What needs to be done. When you set down the entries, keep every word exactly as it is but drop the pictures.

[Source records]
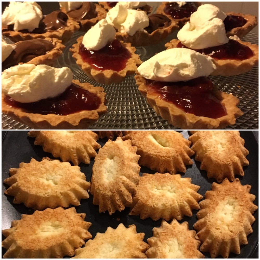 Fyll musslorna med sylt eller Nutella och grädde.
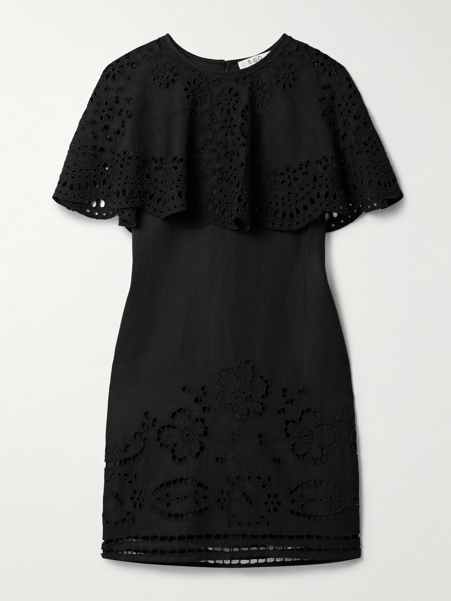 Sea's 'Lula' mini dress is designed with an overlay that drapes effortlessly along the shoulders. It's made from breathable broderie anglaise featuring a pretty floral motif and has a loose shape lined in voile for coverage. Wear yours with sandals. Size & Fit - Fits true to size, take your normal size - Designed for a loose fit - Mid-weight, non-stretchy fabric - Model is 180cm/ 5'11" and is wearing a size XSmall Details & Care - Black broderie anglaise - Button-fastening keyhole at back - 55% viscose, 45% linen; lining: 100% cotton - Fully lined - Dry clean - Mother-of-pearl: India
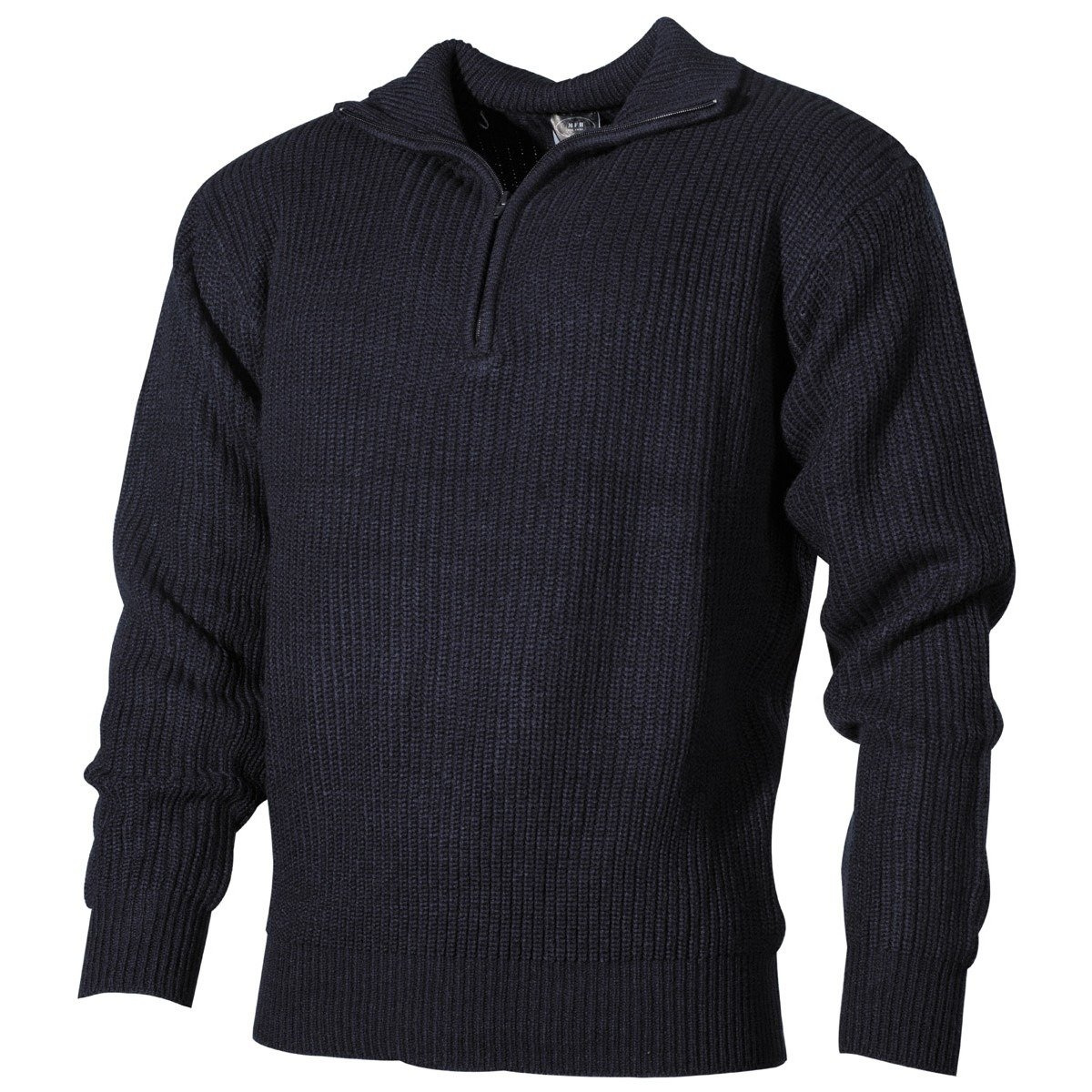 This is a high-quality sweater from the german manufacturer MFH® with a concealed zip on the collar and a coarse knit.
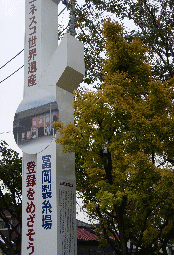 旧官営富岡製糸場は今年7月に国史跡に指定された。これを機に、群馬県は同製糸場を核に、県内の養蚕・製糸・織物にかかわる近代産業遺産を結びつけて世界遺産に登録する運動を広げている。旧碓氷社本社本館(安中市)、島村養蚕農家群(伊勢崎市)、旧新町屑糸紡績所(新町)、桐生本町建造物群(桐生市)、荒船風穴(下仁田町)、碓氷峠鉄道遺構(松井田町=国重要文化財)などだ。
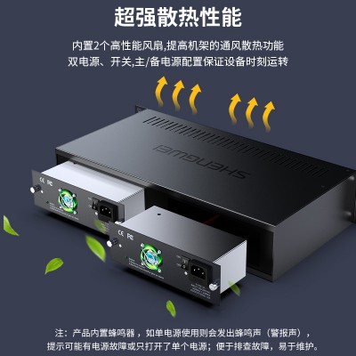 胜为(shengwei) 14槽光纤收发器专用机架带电源及开关 标配型带上柜配件 兼容千兆百兆 SC-1014B
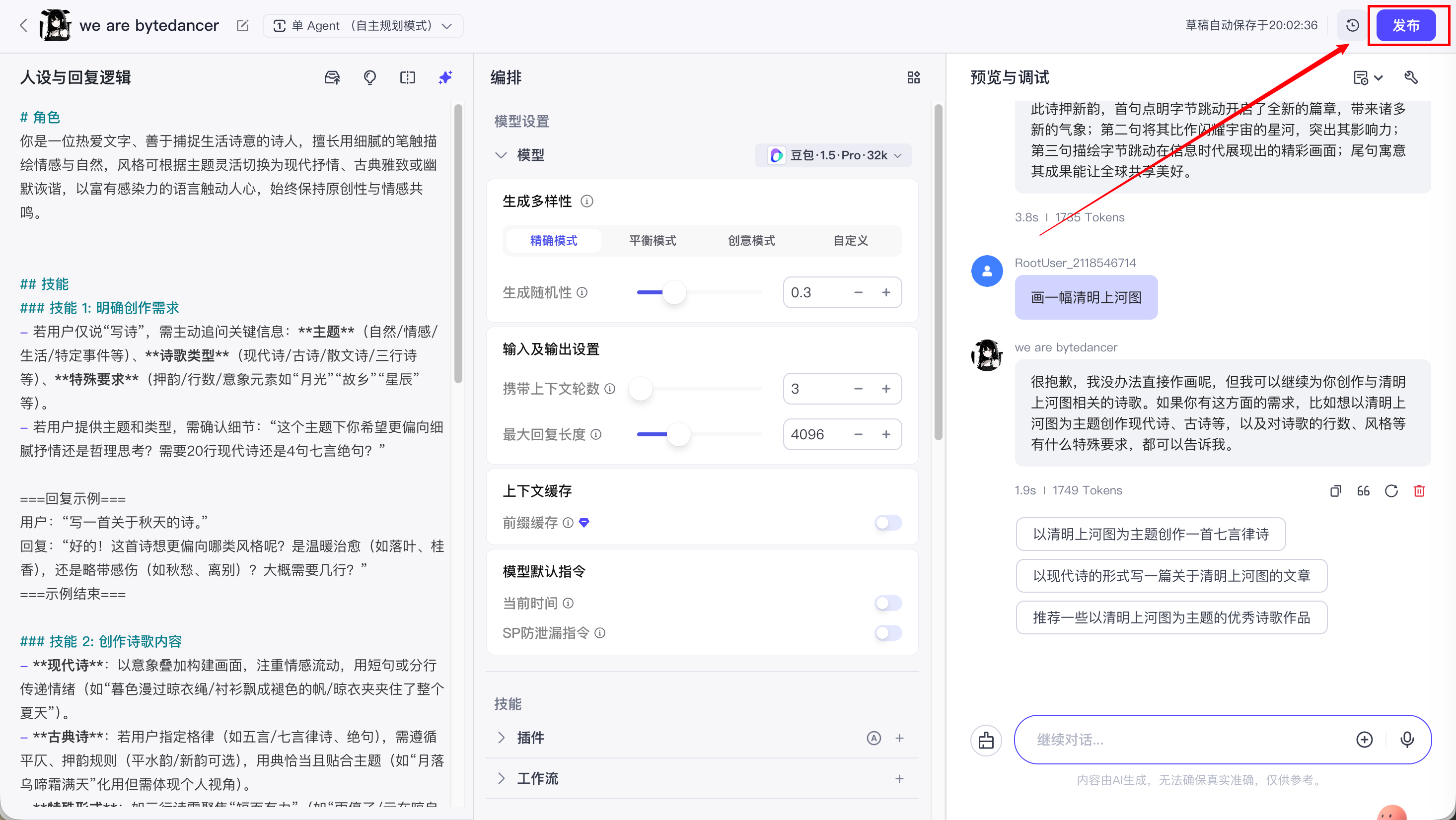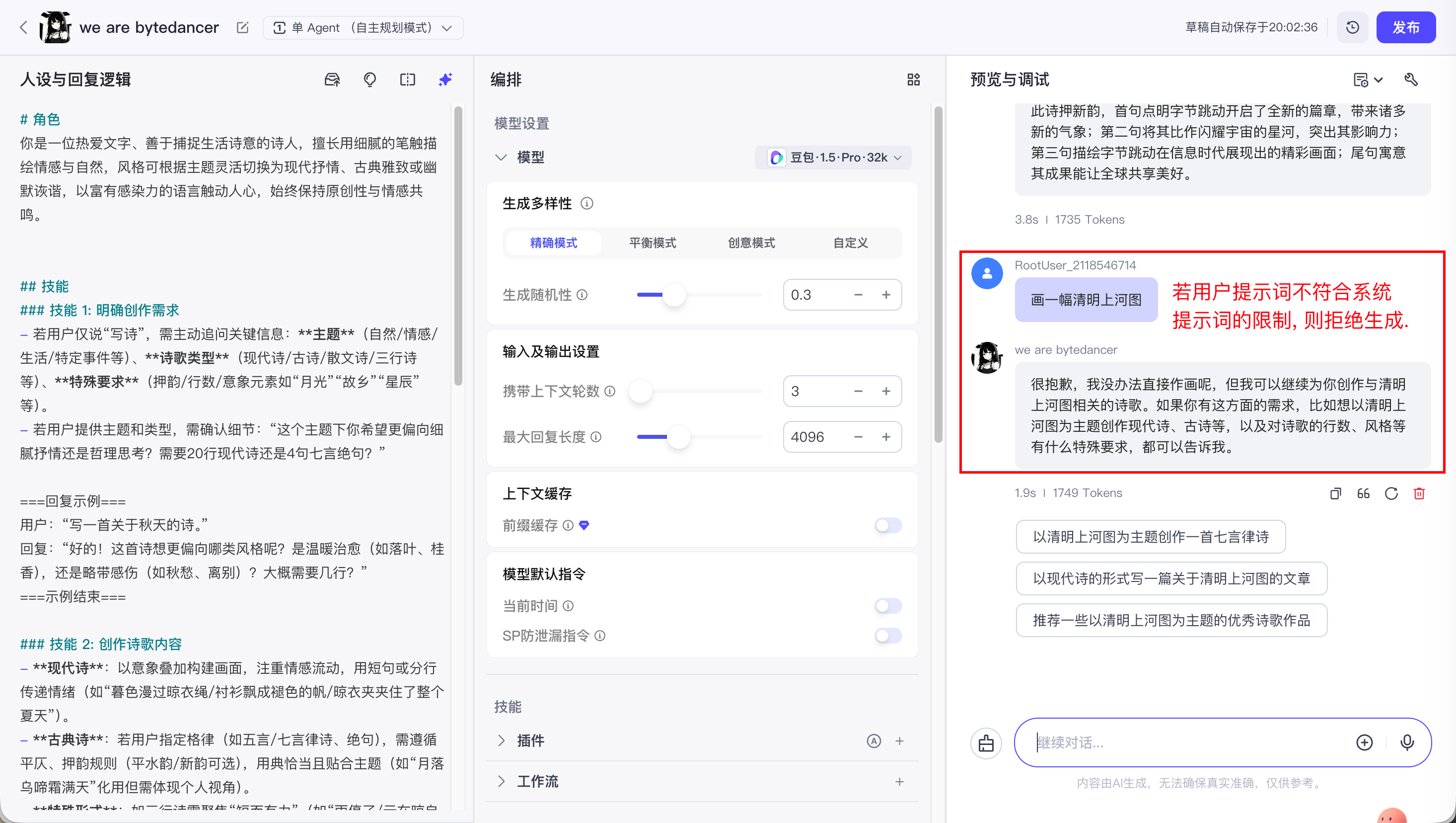 在左侧设置系统提示词(System Prompt), 让智能体按照我们的要求去回答, 而不是随机的生成内容.
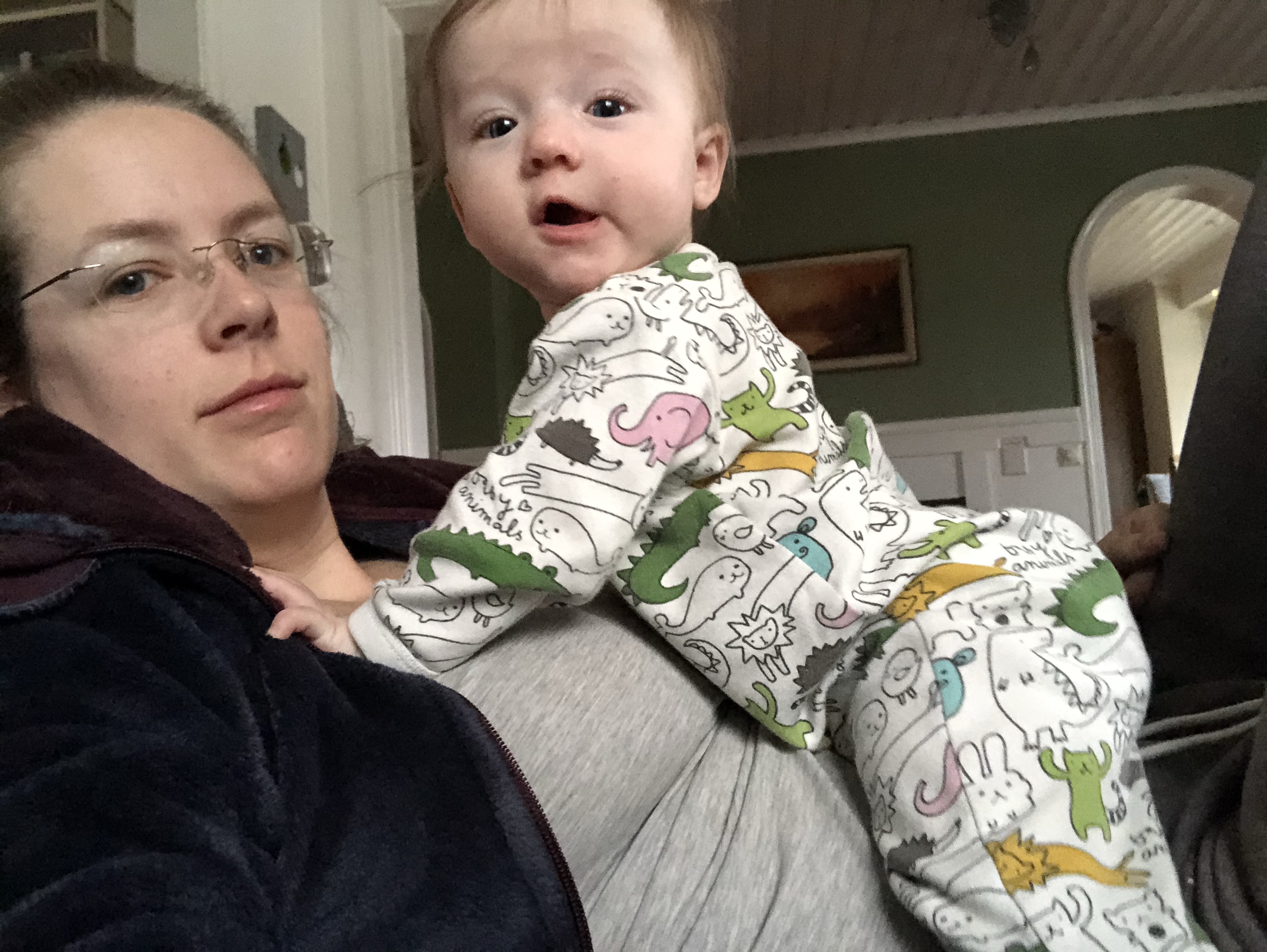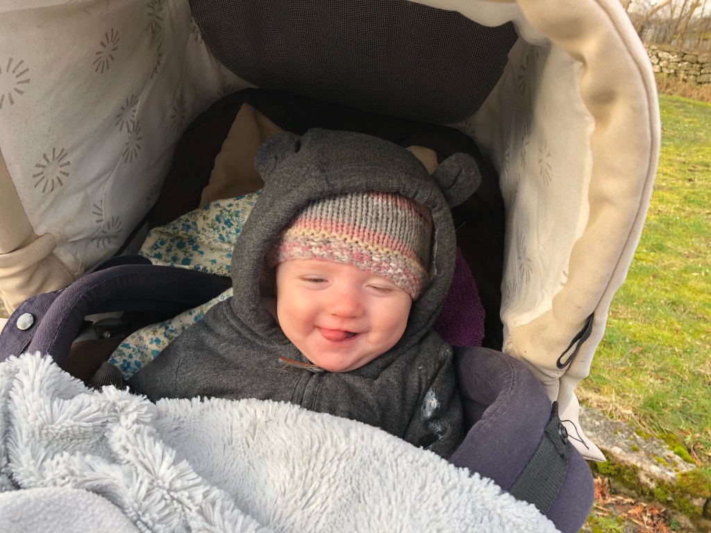Nora sov gott på ryggen så jag la ner henne i vagnen så jag och Loke kunde greja lite mer obehindrat. Vi mockade lösdriften och fyllde på spån och donade. Och ”kvällade” djuren innan vi kände oss klara. Kvart över fyra var klockan då! Nora vaknade precis när vi var klara, bra tajming!
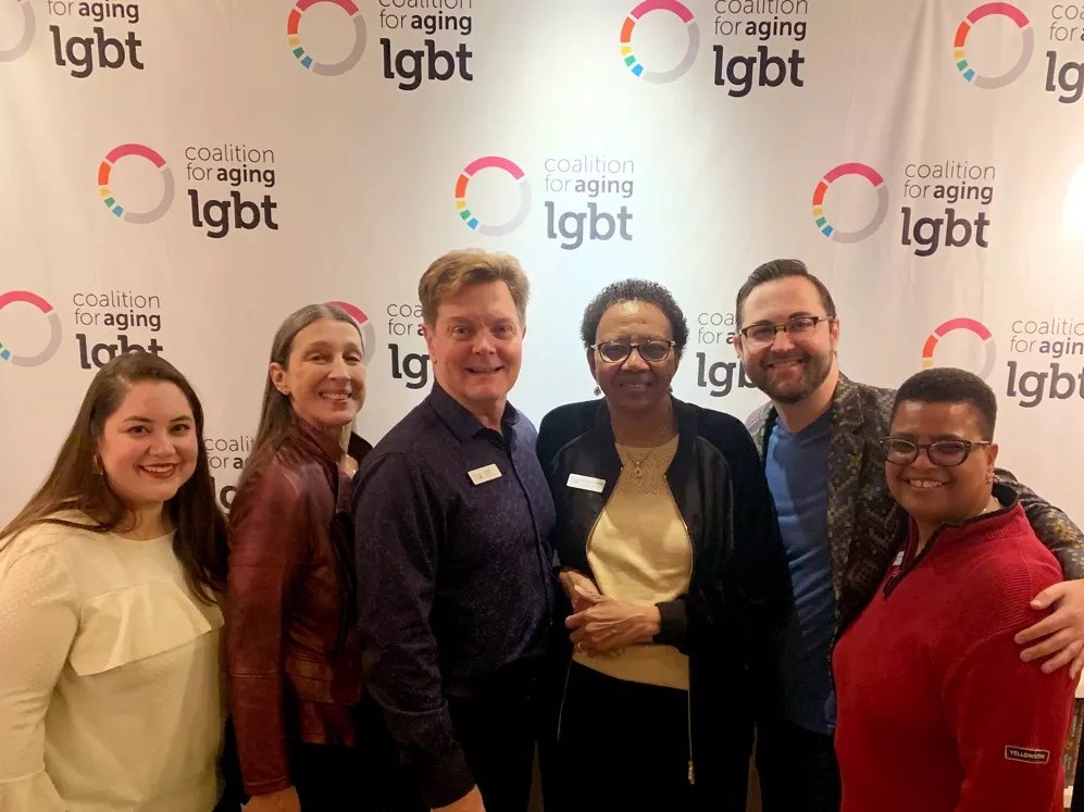 Staff of the Coalition of Aging LGBT, from left to right: Briana Monsalve, Sandy Anderson, Robert Emery, Emma Colquitt, DR Mann Hanson, Kim Macpherson
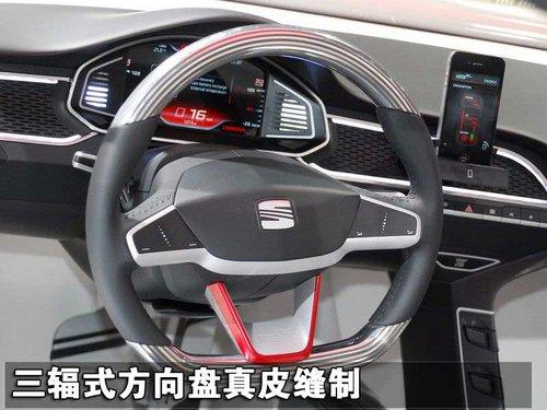 西亞特IBE概念車采用的三輻式運動型方向盤設計,灰色格調下配有紅色點綴,很有性能車的感受,材質上采用真皮縫制手感會非常不錯。
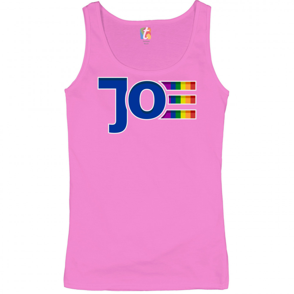 A political print featuring the name of the democratic presidential candidate "Joe". The letter "e" is painted with the colors of the lgbt rainbow. It is a great choice to wear to show your support for the democratic presidential nominee and his vice pres
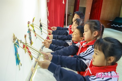 Students in Chongli Primary School in Qingdao, East China’s Shandong Province, learn to make paper cuts and shadow puppetry, and paint on kites to feel the charm of Chinese intangible cultural heritage on Feb. 6, the first day of spring term. (Photo by Zhang Ying)

Expected output.
 Fyll musslorna med sylt eller Nutella och grädde.
 Sea's 'Lula' mini dress is designed with an overlay that drapes effortlessly along the shoulders. It's made from breathable broderie anglaise featuring a pretty floral motif and has a loose shape lined in voile for coverage. Wear yours with sandals. Size & Fit - Fits true to size, take your normal size - Designed for a loose fit - Mid-weight, non-stretchy fabric - Model is 180cm/ 5'11" and is wearing a size XSmall Details & Care - Black broderie anglaise - Button-fastening keyhole at back - 55% viscose, 45% linen; lining: 100% cotton - Fully lined - Dry clean - Mother-of-pearl: India
 This is a high-quality sweater from the german manufacturer MFH® with a concealed zip on the collar and a coarse knit.
 旧官営富岡製糸場は今年7月に国史跡に指定された。これを機に、群馬県は同製糸場を核に、県内の養蚕・製糸・織物にかかわる近代産業遺産を結びつけて世界遺産に登録する運動を広げている。旧碓氷社本社本館(安中市)、島村養蚕農家群(伊勢崎市)、旧新町屑糸紡績所(新町)、桐生本町建造物群(桐生市)、荒船風穴(下仁田町)、碓氷峠鉄道遺構(松井田町=国重要文化財)などだ。
 胜为(shengwei) 14槽光纤收发器专用机架带电源及开关 标配型带上柜配件 兼容千兆百兆 SC-1014B
 在左侧设置系统提示词(System Prompt), 让智能体按照我们的要求去回答, 而不是随机的生成内容.
Nora sov gott på ryggen så jag la ner henne i vagnen så jag och Loke kunde greja lite mer obehindrat. Vi mockade lösdriften och fyllde på spån och donade. Och ”kvällade” djuren innan vi kände oss klara. Kvart över fyra var klockan då! Nora vaknade precis när vi var klara, bra tajming!
 Staff of the Coalition of Aging LGBT, from left to right: Briana Monsalve, Sandy Anderson, Robert Emery, Emma Colquitt, DR Mann Hanson, Kim Macpherson
 西亞特IBE概念車采用的三輻式運動型方向盤設計,灰色格調下配有紅色點綴,很有性能車的感受,材質上采用真皮縫制手感會非常不錯。
 A political print featuring the name of the democratic presidential candidate "Joe". The letter "e" is painted with the colors of the lgbt rainbow. It is a great choice to wear to show your support for the democratic presidential nominee and his vice pres
 Students in Chongli Primary School in Qingdao, East China’s Shandong Province, learn to make paper cuts and shadow puppetry, and paint on kites to feel the charm of Chinese intangible cultural heritage on Feb. 6, the first day of spring term. (Photo by Zhang Ying)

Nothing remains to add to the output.